O Nepal viveu dias de caos entre segunda (8) e terça-feira (9) de setembro de 2025. Uma revolta da Geração Z, impulsionada pela gritante desigualdade social e pelo bloqueio das redes sociais, culminou em protestos violentos que forçaram a renúncia do primeiro-ministro Khadga Prasad Oli. A cena? Prédios do governo em chamas em Katmandu, imagens de brutalidade policial e milhares nas ruas. Olha só o que rolou:

A revolta, meu Deus, foi explosiva! A indignação ferveu por conta do contraste brutal entre a ostentação da elite política e a pobreza de grande parte da população. Segundo o Banco Mundial, os 10% mais ricos do Nepal ganham mais de três vezes do que os 40% mais pobres. Imagina só! Um em cada cinco nepaleses vive na miséria, e a taxa de desemprego entre jovens de 15 a 24 anos chega a 22%. O Nepal, aliás, está na lista da ONU dos 44 países menos desenvolvidos. Isso é assustador, né?

Gaurav Nepune, um dos líderes dos protestos, explicou que a mobilização começou online, há três meses. A ideia era mostrar, sem rodeios, a diferença entre a vida dos políticos e a realidade da população. Fotos de filhos de políticos ostentando riqueza viralizaram nas redes, enquanto jovens de famílias pobres precisam emigrar para sustentar suas famílias. E, pra piorar, escândalos de corrupção, sem punição, inflamou ainda mais a raiva da população.

A Geração Z, gente nascida entre 1995 e 2009, foi a força motriz dos protestos. Essa galera, a primeira geração verdadeiramente digital, é conhecida por ser engajada, crítica e conectada. E eles usaram essa conexão a seu favor.

Os protestos foram brutais. A sede do governo, o Parlamento e a Suprema Corte foram incendiados – a pior violência em décadas no país. O Nepal enfrenta instabilidade política e econômica desde a década de 1990, com uma guerra civil de 10 anos culminando na abolição da monarquia em 2008. A democracia nepalesa é jovem e frágil, mas, segundo o Índice de Democracia de 2025 do V-Dem (Universidade de Gotemburgo), o Nepal é classificado como uma democracia eleitoral, no mesmo nível que Brasil, Argentina e Polônia. Apesar disso, a situação tá longe de ser ideal.

A gota d’água? O bloqueio das redes sociais pelo governo, sob a alegação de combate a fake news. Mas, na real, ativistas viram isso como uma tentativa de silenciar a crescente mobilização online contra a corrupção. Esse bloqueio separou milhares de famílias de jovens que trabalham no exterior, enviando dinheiro para casa.

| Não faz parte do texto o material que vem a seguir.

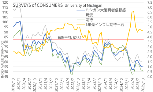 米消費センチメント、10月速報は予想上回るも5ヵ月ぶり低水準 10/11(土)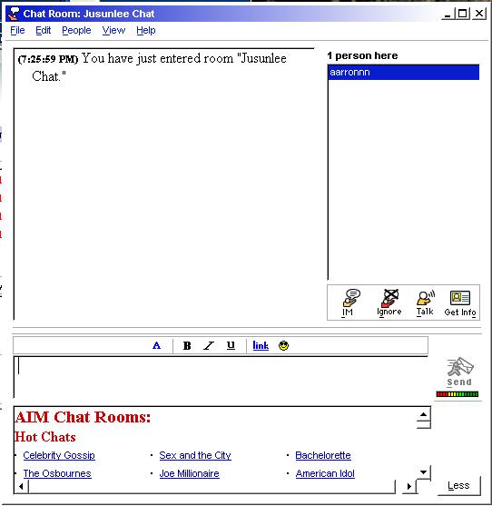 quote:Originally posted by YaaMaKoh imma idle in the chatroom... haha yah lets all leave ur aim on in the jsl chatroom

A resposta foi imediata: os jovens migraram para plataformas como Viber e TikTok, organizando os protestos por lá. Só na segunda-feira, 19 pessoas morreram em confrontos com a polícia, que usou gás lacrimogêneo e balas de borracha. Essa violência só aumentou a fúria dos manifestantes na terça-feira.

A pressão foi tanta que o primeiro-ministro renunciou e o governo revogou o bloqueio das redes. “Todo cidadão estava farto”, disse Sandip, influenciador digital de 31 anos, à Reuters. “A raiva vinha crescendo, mas o protesto foi muito espontâneo.”

Mas a violência não acabou com a renúncia. Um toque de recolher foi ignorado. Casas de autoridades, incluindo a do ex-primeiro-ministro e a de Jhala Nath Khanal (cuja esposa ficou gravemente ferida), foram atacadas e incendiadas. Dois aeroportos e hotéis como o Hilton e o Varnabas sofreram danos. O aeroporto de Katmandu, principal porta de entrada para turistas que escalam o Everest, chegou a ser fechado pela fumaça. Imagens de civis com rifles de assalto circularam pela internet. É surreal!

Um nome surge como possível solução: Balendra Shah, prefeito de Katmandu desde 2022. Ex-rapper, ele ganhou popularidade com uma campanha focada na limpeza da cidade. Após as mortes de segunda-feira, ele chamou Oli de “terrorista”. Na terça, após a renúncia, pediu calma aos seus quase 784 mil seguidores no Instagram: “A renúncia aconteceu! Agora, paciência. Vocês terão que liderar o país! Preparem-se!”. A pergunta que fica é: qual será o futuro do Nepal?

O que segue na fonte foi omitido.